[Collected data entries]
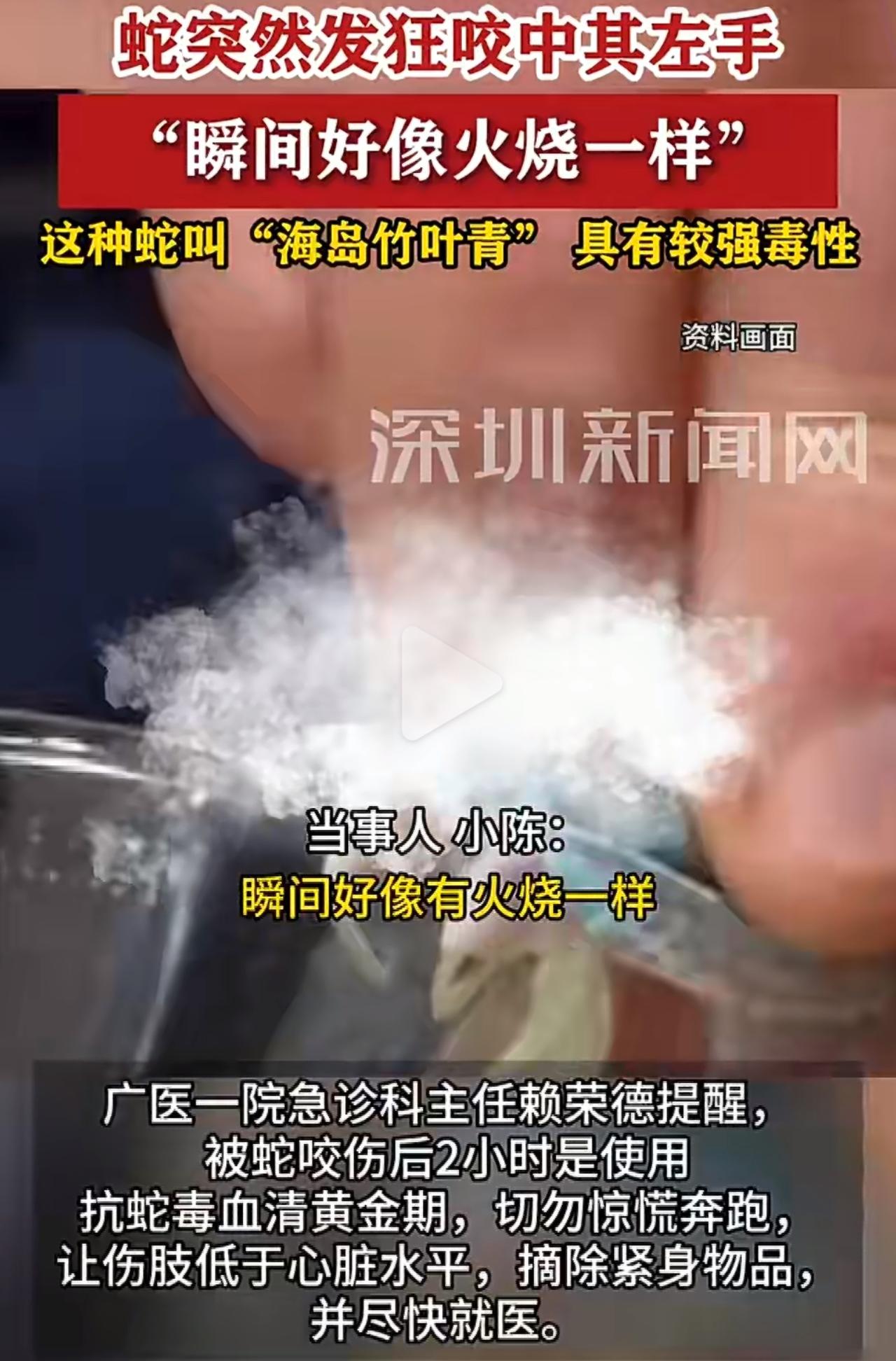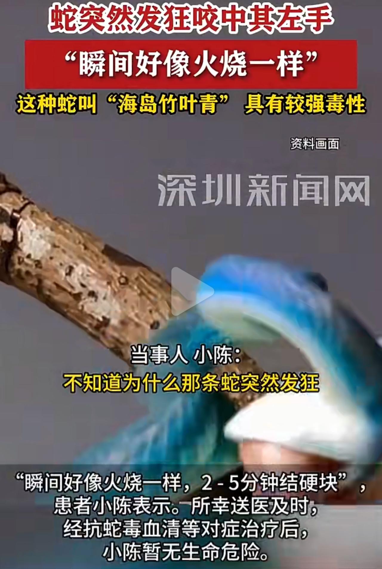 广东一个小伙子去朋友家,凑近拍那条剧毒的海岛竹叶青吃东西,想拍个惊险视频,结果蛇突然一口,狠狠咬在了他左手上。 当时伤口就跟火烧似的疼,没几分钟就肿得又硬又黑,皮下全是淤血。这种外来毒蛇毒性特别烈,专门破坏凝血和血管,晚送医一会儿,都可能组织坏死,甚至危及生命。 小伙还算冷静,自己赶紧开车去医院,医生及时打上抗蝮蛇血清,这才捡回一条命。 最让人后怕的是,这种剧毒蛇居然能私人随便养,还能通过快递偷偷运输,真出了事,连对应的血清都不一定有。 很多人就觉得异宠帅、小众、有面子,可忘了冷血动物根本养不熟,尤其是进食、蜕皮的时候,攻击性极强,说咬就咬。 真心劝大家一句,爱好可以特别,但别拿命去赌。别等出事了才后悔,一时好奇,真可能换来一辈子的伤。 命只有一条,远离剧毒异宠,才是最实在的平安。薄荷竹叶青蛇 毒蛇咬伤中毒 异宠蛇
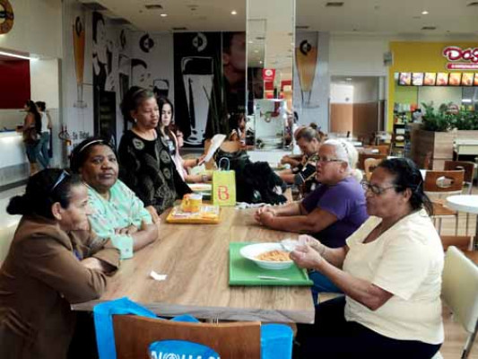 Embora o grupo de convivência dos idosos seja formado por homens e mulheres, somente elas quiseram participar das atividades. Mariza D´Angelo diz que todo ano, no mês do idoso, é oferecida uma atividade para eles e, desta vez, foi o passeio ao shopping.
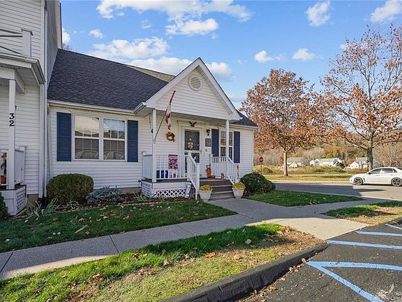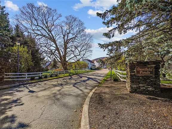 Resort type living. Spacious and bright 2 bedroom END UNIT townhome located in an IDEAL location within the complex. Beautiful view from the back deck. FINISHED and spacious lower level with 1/2 bath and wet bar. This unit is lovingly maintained and immaculate. The eat-in-kitchen boasts ample cabinets and counter space. The living room and dining area are spacious and sunny. Great layout and flow! Lots of storage. There is 602 sqft of FINISHED space in the lower level. An additional 525 sqft. of UNFINISHED space currently being used for storage and workbench. Enjoy barbecues on the generous deck overlooking the beautiful setting of the Hudson Valley. Plenty of closets and storage throughout. Central A/C. New roof, and other updates. Close to all, great commuter location. Enjoy all that Deerfield Pond offers such as inground pool, tennis, basketball, clubhouse, and playground. Deduct $1,892 for STAR. Please note 2 handicap spaces in the front can be removed by Association.
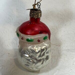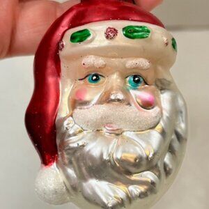 VTG Santa Head Hand Blown Glass Glitter Christmas Tree Ornament 2"x3"
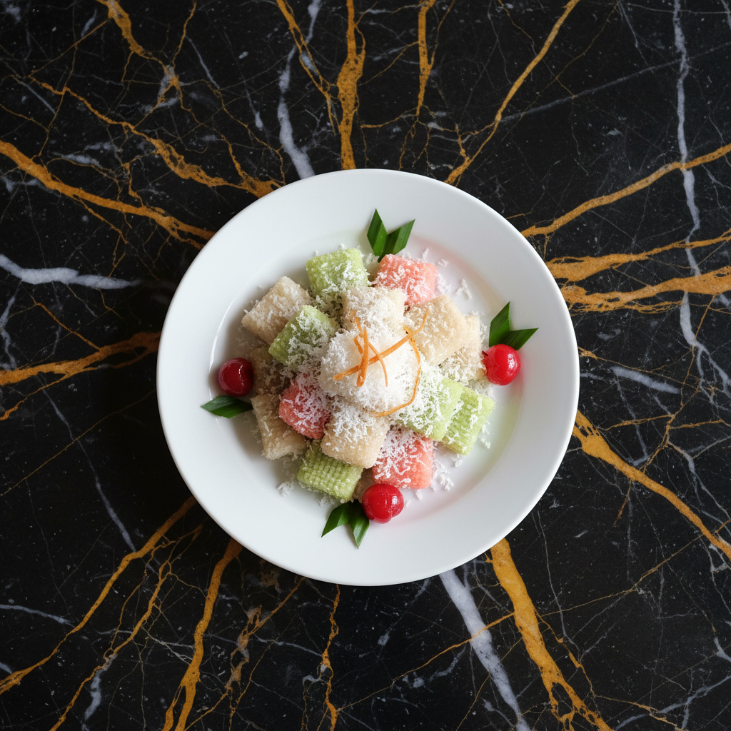 Getuk is a traditional Indonesian sweet snack made from mashed cassava, sweetened with sugar, and coated in grated coconut. It's a simple yet delicious treat, often enjoyed as a dessert or snack.
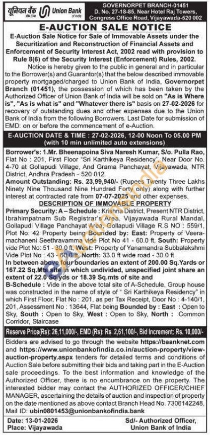 DESCRIPTION OF IMMOVABLE PROPERTY : Primary Security: A-Schedule: Krishna District, Present NTR District, Ibrahimpatnam Sub Registrar's Area, Vijayawada Rural Mandal, Gollapudi Village Panchayat Area, Gollapudi Village R.S NO: 559/1, Plot No: 42 Property being Bounded by: East: Property of Veera-machaneni Seethravamma vide Plot No 4160.0 ft, South: Property vide Plot No: 51-30.0 ft, West: Property of Yanamandra Subbalakshmi Vide Plot No: 43-60.0 ft, North: 33.0 ft wide road - 30.0 ft
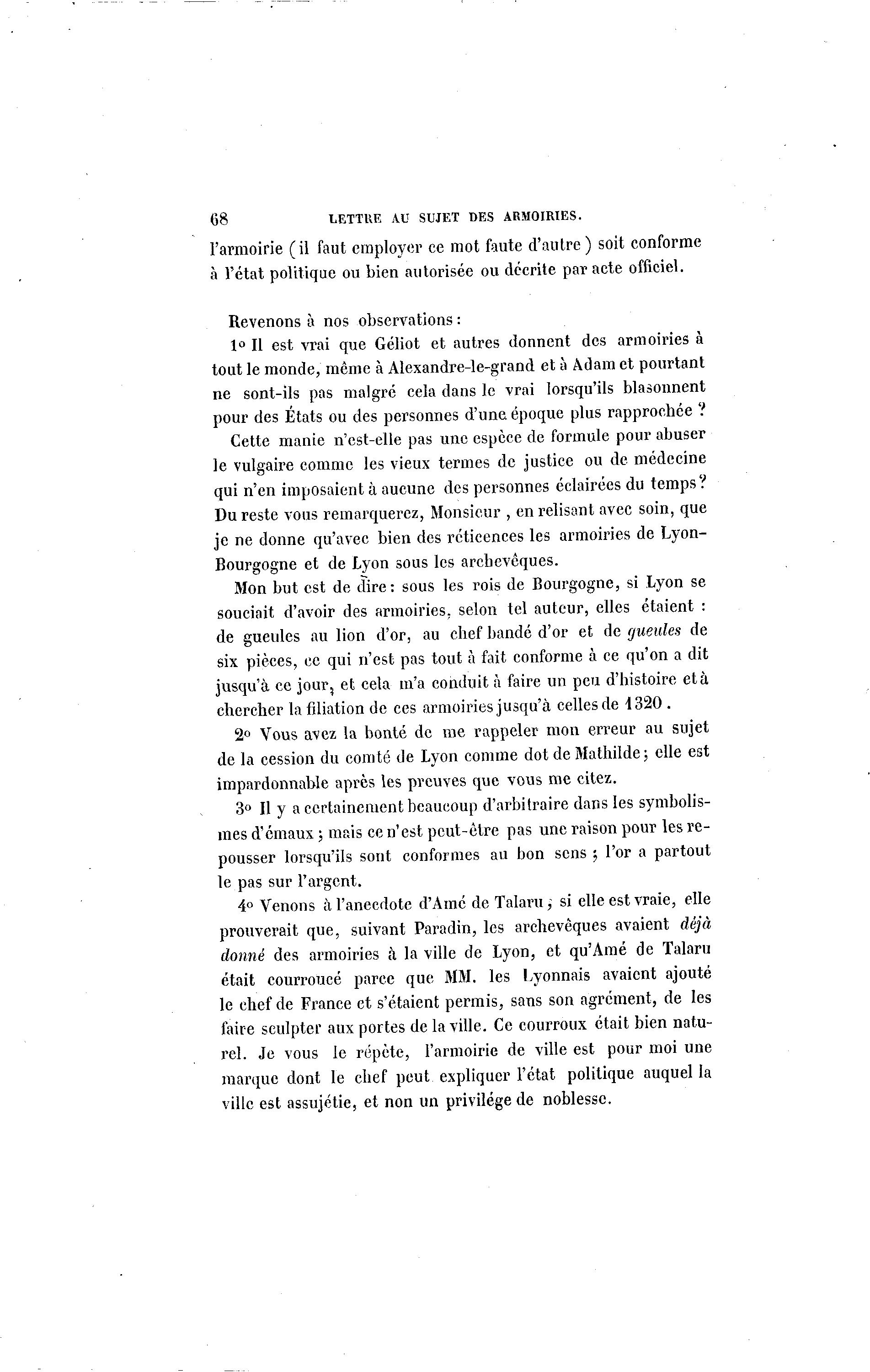 68 LETTUE AU SUJET DES ARMOIRIES.
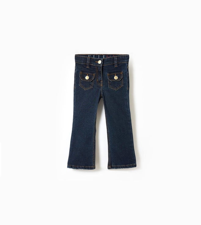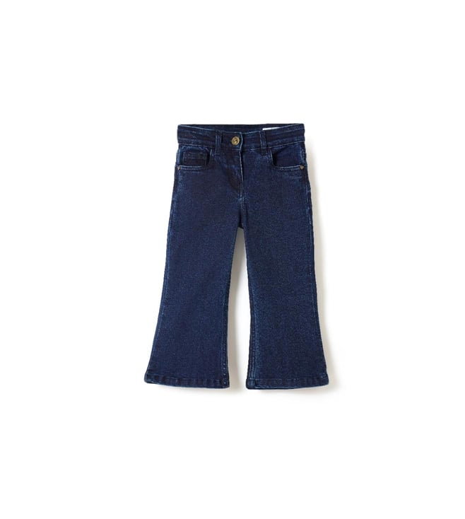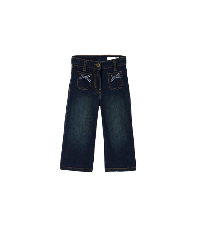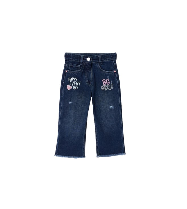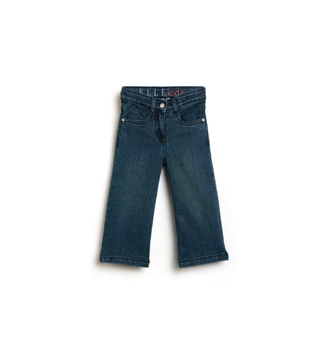 Blue Girls Mid-Wash Straight Fit Mid Rise Jeans
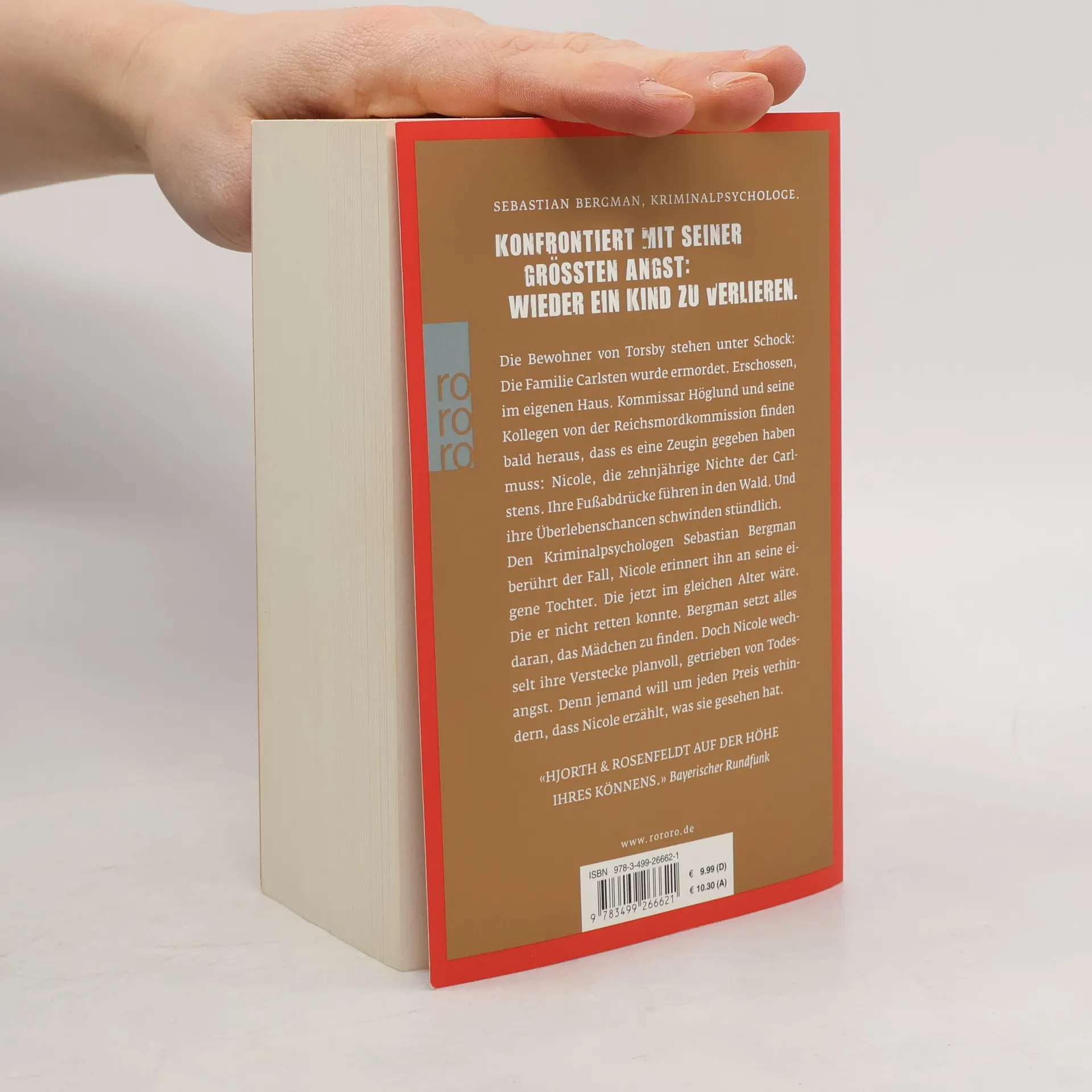 Sebastian Bergman, Kriminalpsychologe.Konfrontiert mit seiner größten Angst:Wieder ein Kind zu verlieren. Die Bewohner von Torsby stehen unter Schock: Die Familie Carlsten wurde ermordet. Erschossen, im eigenen Haus. Kommissar Höglund und seine Kollegen von der Reichsmordkommission finden bald heraus, dass es eine Zeugin gegeben haben muss: Nicole, die zehnjährige Nichte der Carlstens. Ihre Fußabdrücke führen in den Wald. Und ihre Überlebenschancen schwinden stündlich.Den Kriminalpsychologen Sebastian Bergman berührt der Fall, Nicole erinnert ihn an seine eigene Tochter. Die jetzt im gleichen Alter wäre. Die er nicht retten konnte. Bergman setzt alles daran, das Mädchen zu finden. Doch Nicole wechselt ihre Verstecke planvoll, getrieben von Todesangst. Denn jemand will um jeden Preis verhindern, dass Nicole erzählt, was sie gesehen hat.

What is required: Above are entries with pictures among them. Write out exactly the lines from the one containing "VTG Santa Head" through the one containing "Blue Girls Mid-Wash", ends included, and leave those pictures out.

Answer below:
 VTG Santa Head Hand Blown Glass Glitter Christmas Tree Ornament 2"x3"
 Getuk is a traditional Indonesian sweet snack made from mashed cassava, sweetened with sugar, and coated in grated coconut. It's a simple yet delicious treat, often enjoyed as a dessert or snack.
 DESCRIPTION OF IMMOVABLE PROPERTY : Primary Security: A-Schedule: Krishna District, Present NTR District, Ibrahimpatnam Sub Registrar's Area, Vijayawada Rural Mandal, Gollapudi Village Panchayat Area, Gollapudi Village R.S NO: 559/1, Plot No: 42 Property being Bounded by: East: Property of Veera-machaneni Seethravamma vide Plot No 4160.0 ft, South: Property vide Plot No: 51-30.0 ft, West: Property of Yanamandra Subbalakshmi Vide Plot No: 43-60.0 ft, North: 33.0 ft wide road - 30.0 ft
 68 LETTUE AU SUJET DES ARMOIRIES.
 Blue Girls Mid-Wash Straight Fit Mid Rise Jeans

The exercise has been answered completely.